* Material supplied
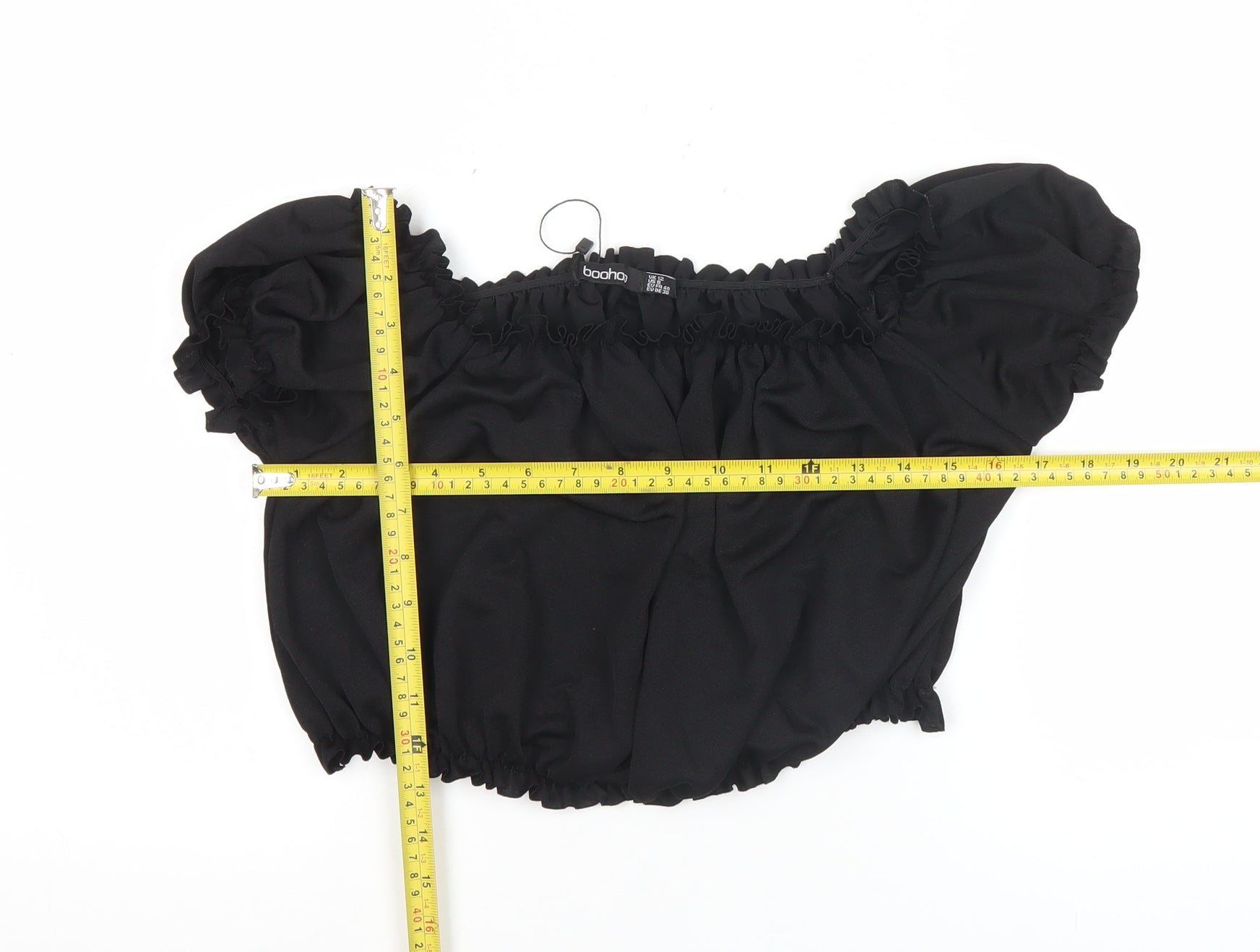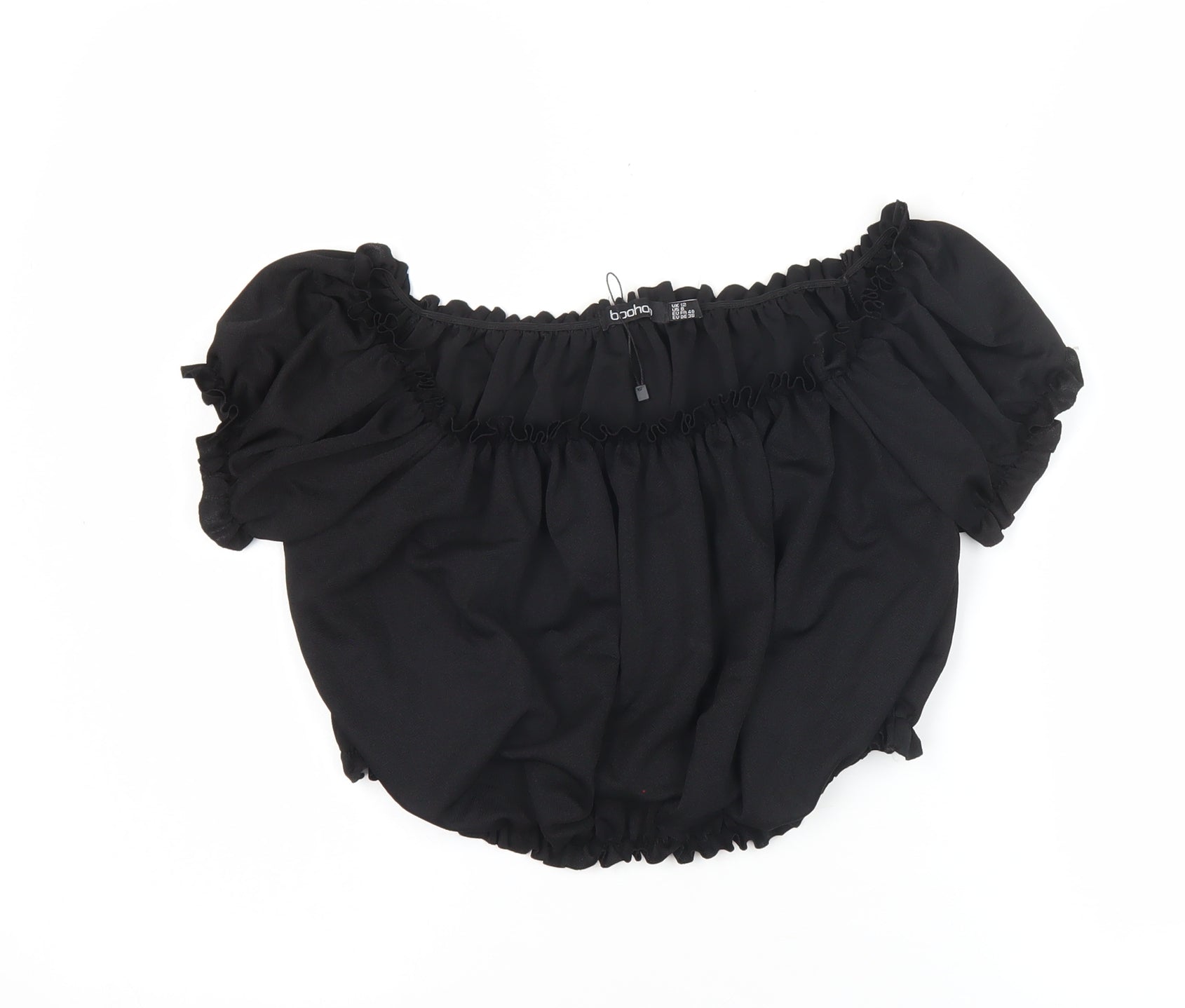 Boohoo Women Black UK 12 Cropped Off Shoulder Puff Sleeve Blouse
* * *
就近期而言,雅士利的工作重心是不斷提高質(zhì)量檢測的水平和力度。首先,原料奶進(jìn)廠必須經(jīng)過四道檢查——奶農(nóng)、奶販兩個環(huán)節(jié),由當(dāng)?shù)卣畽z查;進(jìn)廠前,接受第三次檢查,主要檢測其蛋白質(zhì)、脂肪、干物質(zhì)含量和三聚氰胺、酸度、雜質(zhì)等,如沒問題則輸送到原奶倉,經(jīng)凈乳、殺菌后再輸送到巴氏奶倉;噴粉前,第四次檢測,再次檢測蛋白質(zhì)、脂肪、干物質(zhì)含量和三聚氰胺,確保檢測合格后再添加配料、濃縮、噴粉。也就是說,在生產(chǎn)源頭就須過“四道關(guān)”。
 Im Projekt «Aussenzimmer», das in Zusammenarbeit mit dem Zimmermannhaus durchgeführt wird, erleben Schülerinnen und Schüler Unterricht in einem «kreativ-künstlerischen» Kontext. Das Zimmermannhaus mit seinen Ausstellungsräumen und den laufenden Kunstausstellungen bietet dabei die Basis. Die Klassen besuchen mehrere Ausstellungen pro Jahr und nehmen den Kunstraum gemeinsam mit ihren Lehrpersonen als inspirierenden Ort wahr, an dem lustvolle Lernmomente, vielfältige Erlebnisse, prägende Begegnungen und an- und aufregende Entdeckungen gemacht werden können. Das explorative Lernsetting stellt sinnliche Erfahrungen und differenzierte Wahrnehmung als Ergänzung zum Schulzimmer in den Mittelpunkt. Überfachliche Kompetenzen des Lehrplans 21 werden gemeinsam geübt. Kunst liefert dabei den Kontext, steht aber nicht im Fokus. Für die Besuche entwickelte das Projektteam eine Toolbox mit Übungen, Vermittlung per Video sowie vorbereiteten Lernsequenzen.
* * *
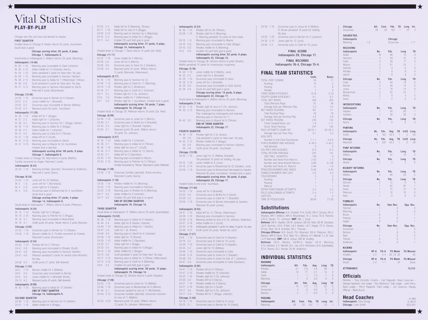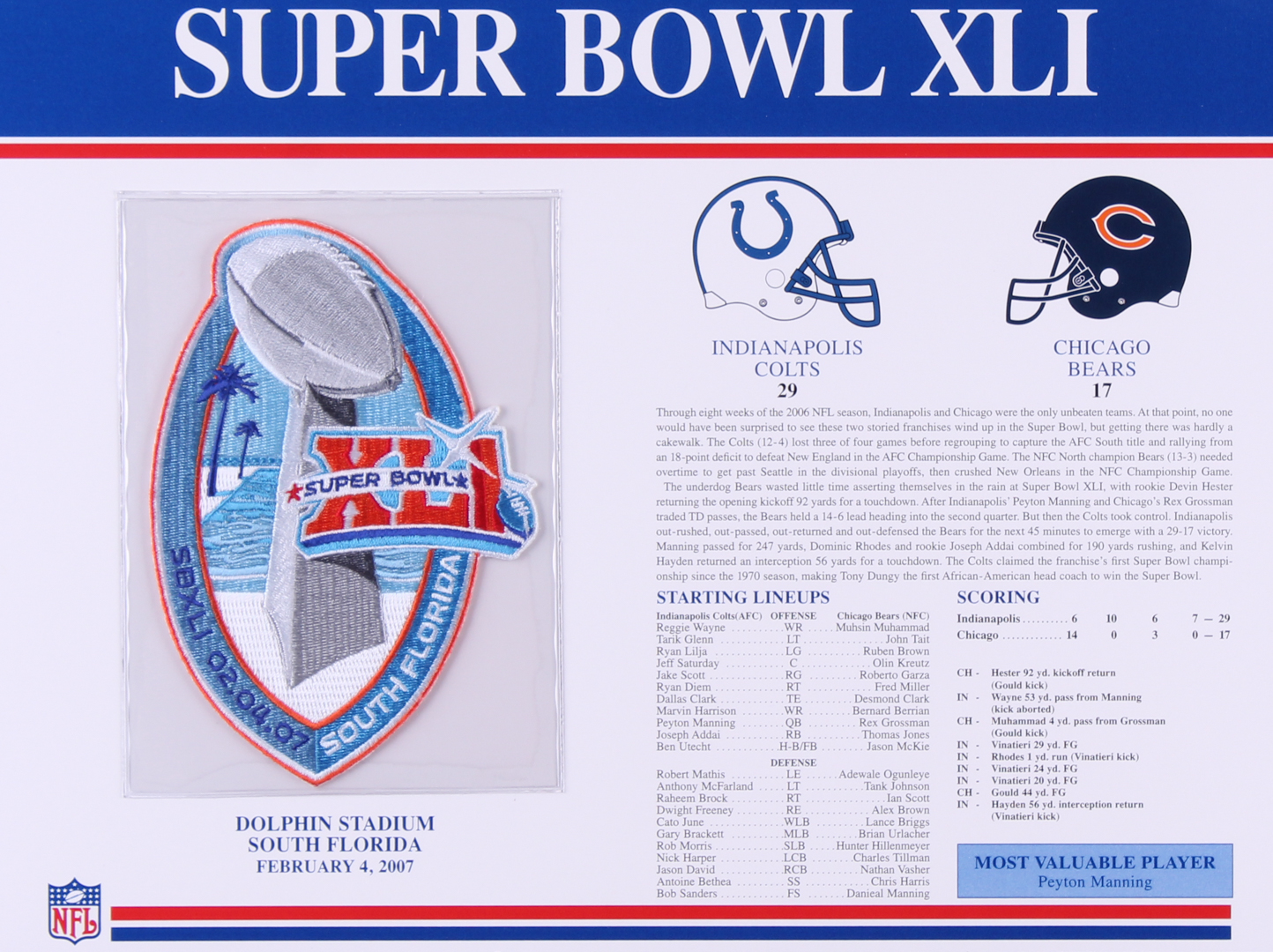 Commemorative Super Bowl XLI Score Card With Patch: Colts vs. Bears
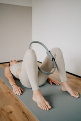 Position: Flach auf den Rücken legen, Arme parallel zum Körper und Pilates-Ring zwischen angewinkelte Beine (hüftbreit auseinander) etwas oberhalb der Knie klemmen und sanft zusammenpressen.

* Your instructions
Lines from the one above containing "Commemorative Super Bowl" down to the one containing "Position: Flach auf" should be transcribed exactly, with both ends kept and no pictures.

* Answer for the task
 Commemorative Super Bowl XLI Score Card With Patch: Colts vs. Bears
 Position: Flach auf den Rücken legen, Arme parallel zum Körper und Pilates-Ring zwischen angewinkelte Beine (hüftbreit auseinander) etwas oberhalb der Knie klemmen und sanft zusammenpressen.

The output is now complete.